Sustainable investment is no longer a niche issue, but has developed into a central leitmotif for many investors. Environmental, social and corporate management aspects- in short: ESG criteria – play a crucial role today when evaluating investments. But where do armaments stocks be in this context? The answer is complex – and not clear.

Many ESG-oriented funds and rating agencies categorically exclude classic armaments companies, especially when it comes to the production of Controversy weapons How to go to landmines, scattering ammunition or nuclear weapons. However, dealing with conventional armaments producers who focus on defense and security solutions is much more differentiated. Some providers, for example, evaluate the contribution to national security or international stability – in particular if the company adheres to applicable international law and ethical guidelines.

It arises Gray areain which it is not clear whether an investment can be considered sustainable or not.
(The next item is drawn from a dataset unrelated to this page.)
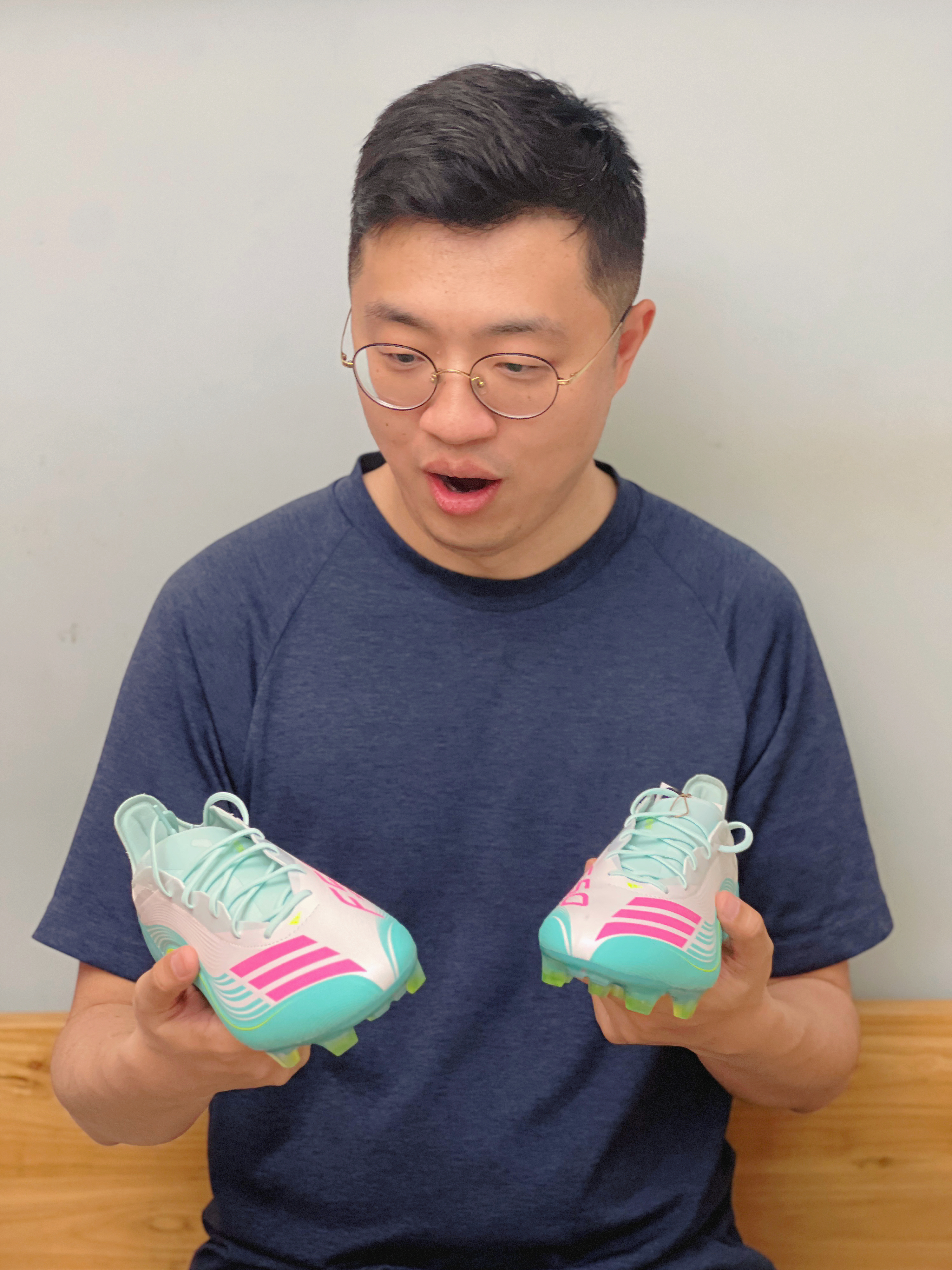 “流光溢彩”配色,青绿色显得很有活力,搭配粉色三条纹,辨识度拉满。穿上它,你就是球场最靓的仔
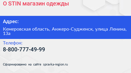 O`STIN, магазин одежды по адресу Кемеровская область, Анжеро-Судженск, улица Ленина, 13а в дальнейшем Организация, размещена в следующих категориях:

In this way, one and the same company can be classified as “highly problematic” at an ESG rating agency-and with someone else else as “socially relevant”. These inconsistencies make it difficult for private and institutional investors to clearly evaluate arms shares.

Another argument that has recently become more important is the role of the armaments industry in changed geopolitical realities. The Russian attack on Ukraine, cyber attacks on western infrastructures or the threat of authoritarian regime have meant that defense increasingly also under the aspect of “Sustainable peacekeeping” is considered. Some experts even speak of a “renaissance of security” within the ESG debate.

Nevertheless, the question remains: Can an investment that takes potentially life can be really sustainable? This ethical fundamental question cannot be answered objectively – it largely depends on its own value keeping. For some, defense is a necessary evil, a clear reason for others.